Keywords: high-altitude vertebrates, comparative transcriptomics, gene expression, alternative splicing
Data Description
Transcriptome sequencing
Six tissues (heart, kidney, liver, lung, skeletal muscle, and spleen) of 3 unrelated adult females for each of 5 high-altitude vertebrates and their low-altitude relatives were sampled (Fig. 1a and Supplementary Fig. S1). Animals were sacrificed humanely to ameliorate suffering. All animals and samples used in this study were collected according to the guidelines for the care and use of experimental animals established by the Ministry of Agriculture of China. We extracted total RNA, prepared libraries, and sequenced the libraries on Illumina HiSeq 2000 or 2500 platforms. We generated a total of ∼909.6 Gb of high-quality RNA-seq data for 180 samples (∼5.05 Gb per sample) of 30 individuals across 6 tissues (Supplementary Table S1).
Whole-genome resequencing
To compare the phylogeny derived from gene expression with the phylogenetic relationships of the 5 high-altitude vertebrates and their low-altitude relatives, we constructed the phylogenetic tree based on nucleotide alignments. We extracted the unassembled reads from short-insert (500 bp) libraries of a single yak (NCBI-SRA: SRX103159 to SRX103161, and SRX103175 and SRX103176) [1], a Tibetan pig (NCBI-SRA: SRX219342) [2], and a low-altitude Rongchang pig (NCBI-SRA: SRX1544519) [3] that were used for de novo assemblies to roughly ×10 depth coverage. We also randomly selected an individual of the cattle, low- and high-altitude chickens, goats, and sheep and sequenced their whole genomes at ∼×10 depth coverage (NCBI-SRA: SRP096151). Genomic DNA was extracted from the blood tissue of each individual. Sequencing was performed on the Illumina X Ten platform, and a total of 198.64 Gb of paired-end DNA sequence was generated (Supplementary Table S2).
Data Analysis
Data filtering
To avoid reads with artificial bias, we removed the following type of reads: (i) reads with ≥10% unidentified nucleotides (N); (ii) reads with >10 nt aligned to the adapter, allowing ≤10% mismatches; (iii) reads with >50% bases having phred quality <5.

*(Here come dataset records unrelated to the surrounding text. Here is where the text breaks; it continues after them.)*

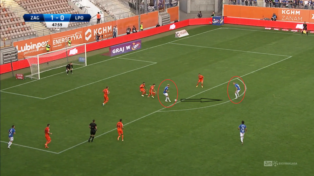 Świetnie było to widać przy golu na 1:1 w meczu z Zagłębiem. Choć formalnie Lech grał w ustawieniu 3-4-3, to zawsze któryś z dwójki Tiba-Amaral cofał się do pomocy i w praktyce stawał się trzecim pomocnikiem w ustawieniu 3-5-2. Tak było przy tej akcji: Amaral się cofnął, Tiba zszedł z piłką do boku, w polu karnym był jedynie Gytkjaer i wtedy do akcji dołączył się Cywka. Tiba zagrał do Gytkjaera, ten miał przed sobą dwóch obrońców, więc oddał piłkę ofensywnemu pomocnikowi, a ten zdobył wyrównującą bramkę.
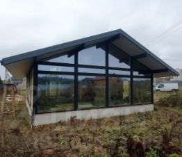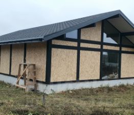 На участке построен дом по технологии фахверк с панорамным остеклением. Несущие столбы и балки изготовлены из клееного конструкционного бруса (сечение несущих столбов 230*230 мм, несущие балки 300*135мм ). Фундамент - плита с ребрами жесткости вниз. Стеклопакеты с мультифункциональными стеклами снаружи, которые обеспечивают отражение ультрафиолетовых лучей, а изнутри энергосберегающие для сохранения тепла. Внутри свободная планировка. Высокие потолки под крушу 5 м. Утепление всего дома запланировано ППУ с перехлестом PIR плитой. Внешняя отделка на выбор, варианты: скандинавская доска, аква панель со декоративной штукатуркой, планкен из лиственницы. Вокруг дома запланирована терраса. В фундамент заложены все коммуникации. Проект дома вышлю по запросу.
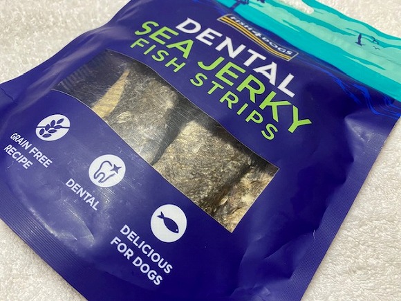 タラの皮を棒状に巻いて乾燥したトリーツ。
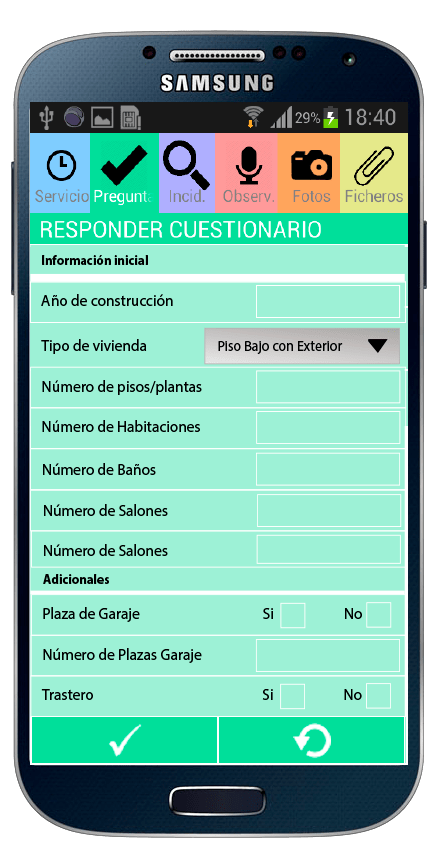Otro ejemplo lo tenemos en que nos dimos cuenta de que cuando un operario va a un determinado edificio, no siempre tiene a mano el teléfono, o no tiene la voluntad de ser riguroso y registrar su presencia y el servicio que va a ejecutar. Por ello, se identifica cada estancia con un TAG NFC de tal manera que cada vez que un operario llega a dicha estancia, no tiene que agarrar el teléfono y buscarla; simplemente toma el teléfono, lo pasa por delante del TAG y automáticamente se visualiza el checklist que tiene que rellenar.
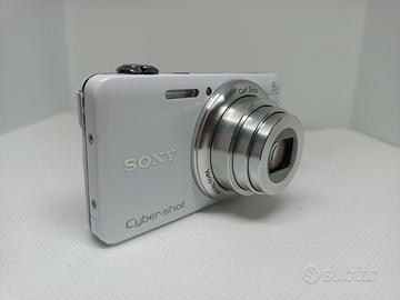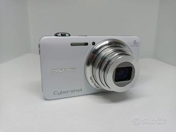 Fotocamera Sony Cybershot DSC-WX80 con batteria e cavo di ricarica. Flash funzionante. Si riceve ciò che è in foto. Caratteristiche: Tipologia fotocamera: Fotocamera compatta, Megapixel: 16,2 MP, Dimensione del sensore di immagine: 1/2.3", Tipo sensore: CMOS, Risoluzione massima immagine: 4608 x 3456 Pixel. Sensibilità ISO (max): 12800. Zoom ottico: 8x, Zoom digitale: 32x, Lunghezza focale: 4.5 - 36 mm. Velocità massima dell'otturatore della fotocamera: 1/1600 s. Tipologia HD: Full HD, Risoluzione massima video: 1920 x 1080 Pixel. Dimensioni schermo: 6,86 cm (2.7"). Peso: 108 g. Colore del prodotto: Bianco Disponibili foto di esempio. NO GARANZIA, NO RESI.
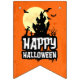 Happy Halloween design de texte illustration avec maison hantée, cimetière et chauves-souris décoration à pleine lune sur grunge orange arrière - plan

Identification of single-copy orthologous genes
Single-copy orthologous genes across 5 reference genomes, i.e., chicken (Galgal4) [4], pig (Suscrofa 10.2) [5], cattle (UMD3.1) [6], goat (CHIR_1.0) [7], and sheep (Oar_v3.1) [8], were determined using a EnsemblCompara GeneTrees method (Supplementary Fig. S2, Supplementary Methods) [9].
Construction of phylogenetic tree based on nucleotide alignments
High-quality resequencing data were mapped to their respective reference genomes using BWA software, version 0.7.7 (BWA, RRID:SCR_010910) [10], reads with mapping quality >0 were retained, and potential PCR duplication cases were removed. For each individual, ∼97.01% of reads were mapped to ∼97.40% (at least ×1 depth coverage) or ∼91.86% (at least ×4 depth coverage) of the reference genome assemblies (Supplementary Table S2). Single nucleotide variations (SNVs) and insertion and deletions (InDels) were further detected by following GATK’s best practice, version 3.3–0 (GATK, RRID:SCR_001876) [11]. We substituted SNVs and InDels identified in our study in the coding DNA sequences (CDS) of the respective reference genomes. Single-copy orthologues with the substituted CDS of the 5 vertebrates were applied to Treebest [12] and generated the neighbor-joining tree (Fig. 1b).
Analyses of gene expression
High-quality RNA-seq reads were mapped to their respective reference genomes using Tophat version 2.0.11 (TopHat, RRID:SCR_013035) [13]. Cufflinks version 2.2.1 (Cufflinks, RRID:SCR_014597) [14] was applied to quantify gene expression and obtain FPKM expression values. We generated abundance files by applying Cuffquant (part of Cufflinks) to read mapping results. Log2-transformed values of (FPKM + 1) for genes with >0.5 FPKM in more than 80% of the samples were used for subsequent analyses.
Pearson's correlations were calculated across 6 samples from low- and high-altitude populations within each group of specific tissues and animals; among pairwise comparisons of 5 animals within each of the 6 tissues; and among pairwise comparisons of 6 tissues within each of the 5 animals. Principal variance component analysis (PVCA) was carried out using R package pvca [15]. Neighbor-joining expression-based trees were generated according to distance matrices composed of pairwise 1-Spearman's correlations implemented in the R package ape [16]. Reproducibility of branching patterns was estimated by bootstrapping genes; i.e., the single-copy orthologues were randomly sampled with replacement 100 times. The fractions of replicate trees that share the branching patterns of the original tree constructed were marked by distinct node colors in the figure.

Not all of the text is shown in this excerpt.